A 10% acid solution is to be mixed with a 50% acid solution in order to get 120 ounces of 20% acid solution. How many ounces of the 10% solution and 50% solution should be mixed?

To solve this problem, we can use the concept of the amount of acid in a solution. Let's denote the amount of the 10% acid solution as x ounces and the amount of the 50% acid solution as y ounces.

We can use the formula for the amount of acid in a solution:

Amount of acid = (acid concentration / 100) * volume of solution

Given that we want to end up with 120 ounces of a 20% acid solution, we can set up the following equation:

0.10x + 0.50y = 0.20 * 120

Now, let's solve this equation to find the values of x and y.

0.10x + 0.50y = 24 (because 0.20 * 120 equals 24)

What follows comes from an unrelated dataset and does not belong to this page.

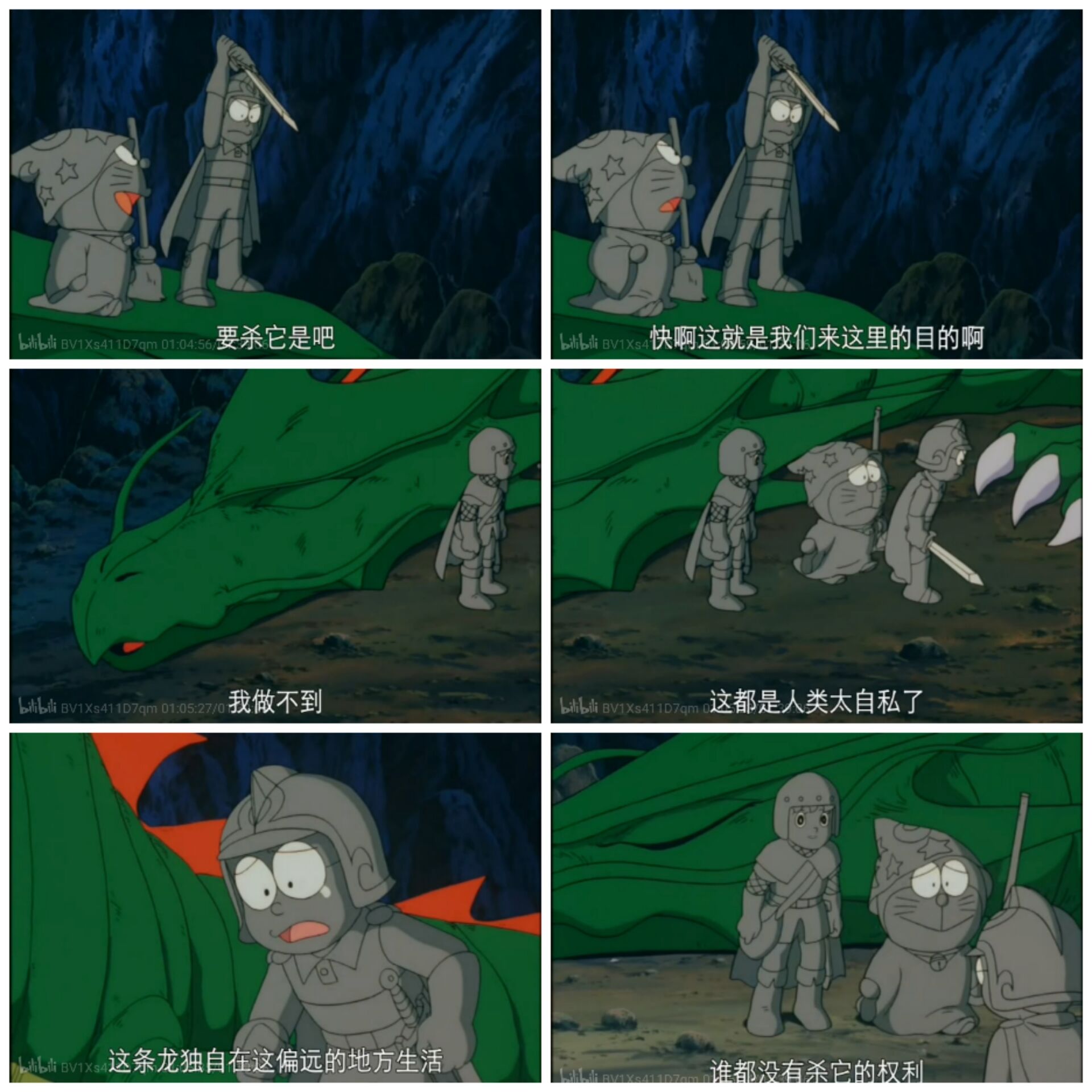 在电影《大雄与梦幻三剑士》中,斩杀龙既可以获得永生的机会,又可以避免被龙反杀,然而面对被自己击倒而奄奄一息的龙,大雄完全可以杀死它,可是他没有这么做。此举获得了静香丽亚的钦佩与龙的敬重与帮助。

To make it easier to work with, let's multiply the entire equation by 10 to remove the decimal:

1x + 5y = 240

Now, we have a system of two equations:

1x + 5y = 240 (Equation 1)
0.10x + 0.50y = 24 (Equation 2)

To solve this system, we can use either elimination or substitution method. Let's use the elimination method here:

Multiplying Equation 1 by 0.10, we get:

0.10x + 0.50y = 24

Multiplying Equation 2 by 10, we get:

1x + 5y = 240

Now, subtract Equation 1 from Equation 2 to eliminate the x variable:

(1x + 5y) - (0.10x + 0.50y) = 240 - 24

0.90x + 4.50y = 216

Simplifying the equation, we have:

0.90x + 4.50y = 216 (Equation 3)

Now, we have a new system of equations:

0.10x + 0.50y = 24 (Equation 2)
0.90x + 4.50y = 216 (Equation 3)

We can solve this system by elimination again:

Multiplying Equation 2 by 9, we get:

0.90x + 4.50y = 216

Now, subtract Equation 3 from Equation 2 to eliminate the x variable:

(0.90x + 4.50y) - (0.90x + 4.50y) = 216 - 216

0 = 0

Since the equation simplifies to 0 = 0, it means that the two equations are actually the same line. This indicates that there are infinitely many solutions to this system of equations.

In the context of this problem, it means that there are infinitely many combinations of the 10% and 50% acid solutions that can be mixed to obtain 120 ounces of a 20% acid solution.

Therefore, we cannot determine a unique solution to this problem.